Download the example dataset from Figshare (doi: 10.6084/m9.figshare.30676556). The download is skipped automatically if the files already exist.
[3]:
import urllib.request
import os
data_dir = "Align_modality_example_data"
os.makedirs(data_dir, exist_ok=True)
files = {
"CODEX_data.tif": "https://ndownloader.figshare.com/files/62503219", # Target image (~411 MB)

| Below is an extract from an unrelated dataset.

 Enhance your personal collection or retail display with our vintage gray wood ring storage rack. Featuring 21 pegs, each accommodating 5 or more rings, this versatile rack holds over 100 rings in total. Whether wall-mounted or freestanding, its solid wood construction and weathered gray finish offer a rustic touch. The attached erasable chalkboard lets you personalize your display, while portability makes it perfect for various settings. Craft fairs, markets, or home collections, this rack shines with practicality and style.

"cytassist_image.tiff": "https://ndownloader.figshare.com/files/62503225", # Moving image (~17 MB)
"tissue_positions_list.csv": "https://ndownloader.figshare.com/files/62503207", # Visium spot coordinates
}
for filename, url in files.items():
filepath = os.path.join(data_dir, filename)

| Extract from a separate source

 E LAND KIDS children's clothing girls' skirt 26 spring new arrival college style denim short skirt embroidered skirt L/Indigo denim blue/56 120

if os.path.exists(filepath):
print(f"Already exists: {filepath}")
else:
print(f"Downloading {filename}...")
urllib.request.urlretrieve(url, filepath)
print(f" Saved to {filepath}")
Already exists: Align_modality_example_data/CODEX_data.tif
Already exists: Align_modality_example_data/cytassist_image.tiff
Already exists: Align_modality_example_data/tissue_positions_list.csv
[4]:
# --- File Paths ---
im_target_path = 'Align_modality_example_data/CODEX_data.tif' # Target (reference) image
im_moving_path = 'Align_modality_example_data/cytassist_image.tiff' # Moving image (to be aligned)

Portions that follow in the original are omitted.